Can you explain the "magic rule" alluded to above?

Submitted by Margaret Cibes

## Statistical training for journalists

Bob Griffin (who attended at one of the original Chance Workshops at Dartmouth in the 1990s!) sent a link to the following:

Statistical reasoning in journalism education

by Sharon Dunwoody and Robert J. Griffin, *Science Communication*, August 2013

The authors write, "Journalism schools, long heralded as the most obvious locations for professional communication training, should be replete with numeracy and statistical instruction. But they are not." The article describes results from a pair of surveys conducted by the authors, one in 1997 and one in 2008, which asked chairs and directors of journalism schools about efforts in these areas. Unfortunately, they found that little progress had been made during the decade in between. What they call the "we-value-the-topic-but-do-not-provide-it gap" had remained essentially unchanged.

The article provides a memorable example of what can go wrong in reporting. In a January 16, 2007 story based on US Census data, the *New York Times* reported that 51% of women are now living without spouse. This had to be corrected in a February 11 followup by the *NYT* public editor, which asked Can a 15-year-old be a ‘woman without a spouse’?. It turns out that the dramatic finding in the original story, namely that a majority of women were now living without spouses, hinged on the inclusion of 15- to 17-year olds in the pool. Dunwoody and Griffin describe this as a case in which the arithmetic (computing percentages) was correct, but the report suffered from a failure in judgement.

The authors present two definitions from the literature, emphasizing a useful distinction between numerical literacy and statistical reasoning. For the former:

To be numerate means to be competent, confident, and comfortable with one’s judgments on whether to use mathematics in a particular situation and if so, what mathematics to use, how to do it, what degree of accuracy is appropriate, and what the answer means in relation to the context. [p. 35 of Coben, D. (2000). Numeracy, mathematics, and adult learning. In I. Gal (Ed.),

Adult numeracy development: Theory, research, practice. Cresskill, NJ: Hampton Press.]

For the latter:

Much of statistical reasoning combines ideas about data and chance, which leads to making inferences and interpreting statistical results. Underlying this reasoning is a conceptual understanding of the important ideas, such as distribution, center, spread, association, uncertainty, randomness, and sampling. [Garfield, J. (2002). The challenge of developing statistical reasoning.

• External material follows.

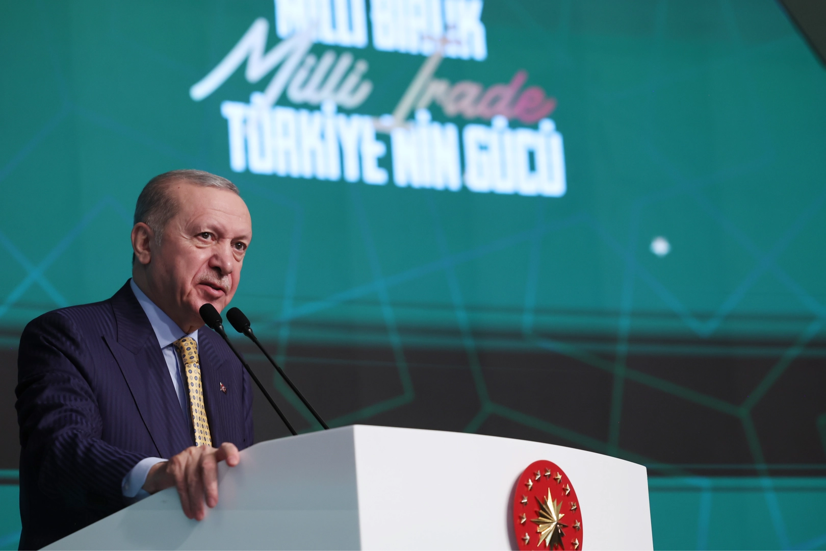 Erdoğan, “Çok değerli kardeşlerim; vicdan tutulmasına uğramış işte böyle bir dünyada Türkiye olarak, sizlerin de destekleriyle insanlığın vicdanı olmanın mücadelesini hep birlikte veriyoruz. Bugün Türkiye'nin Anadolu merkezli yaktığı çoban ateşi, gönül ve kültür coğrafyamızın her yanında milyonlarca mazlumun yüreğini ısıtıyor. Filistin'den Arakan'a, Afrika'dan Latin Amerika'ya; uluslararası toplumun sırtını döndüğü yerlerde sizlerle varız, resmi kurumlarımızla varız, sivil toplum kuruluşlarımızla varız. Bir garibin elinden tutmak, bir mazlumun gözyaşını silmek, bir yetimin, öksüzün başını okşamak için hep beraber seferber olmuş durumdayız. Gazze'deki kardeşlerimiz başta olmak üzere dünyadaki tüm mazlumlarla dayanışma halindeyiz. Milli İrade Platformu'nun öncülüğünde 1 Ocak'ta Galata Köprüsü'nde bir araya gelen yüz binlerin haykırdığı gibi: Sinmiyoruz, susmuyoruz, Filistin'i unutmuyoruz. Şunu da bugün açık açık ilan etmek istiyorum: Bu can bu tende olduğu müddetçe mazlumların yanında duracak, zulme rıza göstermeyeceğiz, baskılar karşısında sinmeyecek ve susmayacağız. Bu vesileyle, şimdiye kadar milyonların katılımıyla düzenlediği dört Gazze mitingiyle hakkın ve haklının tarafında duran Milli İrade Platformu'nu tebrik ediyor, Cenab-ı Allah sizlerden razı olsun diyorum. Sadece mazlum ve mustazafların değil, yaklaşık 13 yıldır milli iradenin ve milletin yanında saf tuttuğunuz için sizlere dua ediyor, teşekkür ediyorumö dedi.

Journal of Statistics Education, 10(3).]

Of course, aspiring journalists should receive training in both of these areas.

## Marilyn on letting-cats-out-of-the-bag

Domenico Rosa sent a link to the following:

Letting the cat out of the bag

by Marilyn vos Savant, *Parade*, 10 August 2013

A reader poses the following question:

Say you have a bag full of cats. Two are tabbies, and three are calicos. You let one cat out of the bag. It runs up a tree before you get a chance to see its color. Then you let out another cat. As you pry its jaws from your ankle, you see that it’s a tabby. What are the chances that the cat in the tree is also a tabby?

You can read Marilyn's answer at the link above, but of course you should first try to solve the puzzle on your own!

Domenico writes:

What intrigued me was the fact that P(C1=T | C2=T) = P(C2=T | C1=T), and this holds regardless of the numbers of the two types of cats. Here:

- C1 = the type of the first cat that comes out of the bag
- C2 = the type of second cat that comes out of the bag
- T = tabby

**Discussion**

In general, under what conditions on events A and B does P(A | B) = P(B | A)? Can you explain why this applies above?